1080p çözünürlüğünde bütün ayarlar ULTRA seviyede ve DLSS kalite modunda iken 9.1 GB’lık bir ekran kartı kullanımı mevcuttu. DLSS şu an hayatımıza girmiş ve GPU tabanında çok büyük bir yük alan / fark yaratan teknoloji diyebiliriz. Aynı objeyi, farklı dinamiklere göre algılayarak, öğrenerek ve geliştirerek alanda konuya dahil edebilen ve bu algoritması ile render performansı açısından sistemi büyük bir angaryadan kurtaran döngü, günümüzde performans ve kalite şeklinde 2 farklı deneyimi bize sunabiliyor. Daha fazla FPS ya da daha iyi görüntü kalitesi olarak bu deneyimi taçlandırabiliyoruz.
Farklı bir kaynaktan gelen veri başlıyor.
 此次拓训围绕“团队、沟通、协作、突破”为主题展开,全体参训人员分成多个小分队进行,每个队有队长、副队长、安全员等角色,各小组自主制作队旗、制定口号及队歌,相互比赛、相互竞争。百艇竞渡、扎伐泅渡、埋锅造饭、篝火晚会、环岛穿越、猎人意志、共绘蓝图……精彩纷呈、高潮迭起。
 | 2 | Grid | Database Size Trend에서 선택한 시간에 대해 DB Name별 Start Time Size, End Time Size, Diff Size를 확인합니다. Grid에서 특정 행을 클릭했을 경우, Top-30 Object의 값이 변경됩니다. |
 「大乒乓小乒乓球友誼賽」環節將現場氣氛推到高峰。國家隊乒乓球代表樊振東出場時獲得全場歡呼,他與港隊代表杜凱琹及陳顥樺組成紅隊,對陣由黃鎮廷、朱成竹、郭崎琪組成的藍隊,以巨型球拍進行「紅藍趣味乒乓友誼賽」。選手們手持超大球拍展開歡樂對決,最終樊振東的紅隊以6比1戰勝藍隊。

Yakın zamanda çıkış yapacak olan Call of Duty Vanguard’ın betasında bu kartı deneyimleme fırsatı yakaladım. NVIDIA’nın çoğu oyunda çıktığı gün uyguladığı en iyi optimize driver ve destek çalışmaları Back 4 Blood gibi oyunlarla artık beta aşamasında da oyuncularla buluşmaya başladı. Vanguard’da da esintilerini gördük. DLSS teknolojisi henüz tamamen piyasaya çıkmamış Vanguard içerisinde oldukça iyi sonuç veriyordu. Çap olarak küçük ve orta büyüklükte haritalarda, yer yer çok katlı binaları kapsayan ve yoğun çatışmaların yaşandığı bir düzlemde oyun deneyimi sunan Call of Duty Vanguard deneyimim boyunca 70-80 derece aralığında ve fanların optimize çalışmasını zorlamayacak şekilde performans aldım. Oyunun beta olmasından dolayı tam bir kıyas unsuru olamayacağını belirtmemizde fayda var. Aynı şekilde 144 Hz’lik 1080p monitör beslemesinde de sorunsuz bir şekilde deneyim yaşattı.
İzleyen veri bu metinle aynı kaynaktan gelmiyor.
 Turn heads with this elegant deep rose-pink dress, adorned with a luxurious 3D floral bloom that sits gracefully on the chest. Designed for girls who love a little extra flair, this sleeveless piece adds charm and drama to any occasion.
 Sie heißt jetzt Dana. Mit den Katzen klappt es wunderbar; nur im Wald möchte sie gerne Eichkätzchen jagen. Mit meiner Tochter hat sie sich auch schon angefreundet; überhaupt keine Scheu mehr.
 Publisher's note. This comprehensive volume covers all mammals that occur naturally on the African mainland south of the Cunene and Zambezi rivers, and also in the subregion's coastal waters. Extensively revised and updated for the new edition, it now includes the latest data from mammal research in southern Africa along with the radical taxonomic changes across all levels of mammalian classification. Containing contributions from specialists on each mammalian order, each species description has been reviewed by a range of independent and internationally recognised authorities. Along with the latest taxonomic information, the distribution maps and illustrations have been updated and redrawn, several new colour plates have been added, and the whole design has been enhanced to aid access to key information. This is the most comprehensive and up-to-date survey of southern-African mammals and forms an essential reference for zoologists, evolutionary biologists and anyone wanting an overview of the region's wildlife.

Ekran kartınızı bu aralar değiştirmek istiyor, bütçenizin el verdiği ölçüde performanslı bir seçenek arıyor, 3070 ve 3070 Ti’ın size yetmeyeceğini düşünüyor, 3080’den daha iyi fakat 3090’dan daha uygun fiyatlı bir ekran kartı arıyorsanız doğru yerdesiniz. 3080 Ti bu aralıkta size performans sunmayı amaçlıyor.